Il Diaconato ha un carisma ecclesiale proprio, specifico che non ha da invidiare niente a nessuno. Fratelli Carissimi, dobbiamo volare alto, solo allora saremo segno concreto e importante per la Chiesa e per la Società e per noi stessi. La nostra sia una fede diaconale rivoluzionaria, che cambia il mondo, che cambia la Chiesa, che cambia la società, che cambia noi e le nostre Famiglie e che sia segno tangibile dell’amore di Cristo servo. Grandi nuove sfide ci attendono: comprendere il modo con cui essere segno della cura di Dio tra i malati e i poveri. Questa nuova prospettiva è rivoluzionaria. Non è cosa facile, ma con l’aiuto e la Grazia di Dio, sono sicuro che ci riusciremo.

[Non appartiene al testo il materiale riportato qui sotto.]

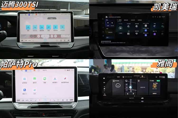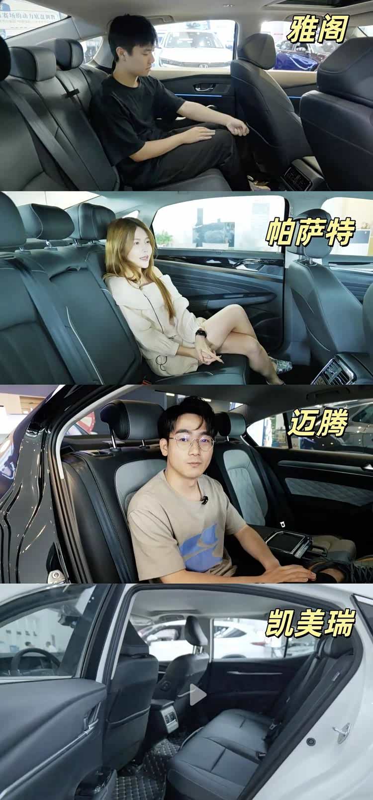 迈腾则多了腿托调节、14个喇叭的哈曼卡顿音响;而帕萨特Pro后排有通风、按摩等功能可选,以及16个扬声器哈曼卡顿音响,二排老板键等。当然价格层次也更高一些,整体来说,日常家用的话,凯美瑞/雅阁都足够用,商务接待可以考虑上迈腾、帕萨特。

È giusto che i Diaconi siano educati e formati all’accoglienza e al servizio dei malati prendendosi cura soprattutto degli ultimi. Questo è il risultato e la sintesi dei lavori del IV gruppo di lavoro di questo Convegno. Questa esperienza di coordinamento del gruppo è stata bellissima, innanzitutto perché c’erano tutti i rappresentanti delle Regioni d’Italia e di tantissime Diocesi. E’ stato un momento fortissimo di comunione, di confronto delle varie realtà Diocesane e di voglia di fare per il bene della Chiesa, della società e soprattutto per il bene dei più poveri. Come Diaconi siamo chiamati a trasformare il ricordo in opere, imitazione e profezia e incontrare le persone dove esse veramente si trovano. Esse vivono nella salute e nella malattia, nella gioia e nel dolore, ma soprattutto nei momenti in cui la vulnerabilità si fa particolarmente sentire e cercano nella nostra accoglienza e prossimità, il sostegno dell’ospitalità divina, la presenza compassionevole del Padre, le mani che versano sulle ferite l’olio della consolazione e il vino della speranza. Questo siamo noi. Questo dobbiamo diventare, questo dobbiamo essere.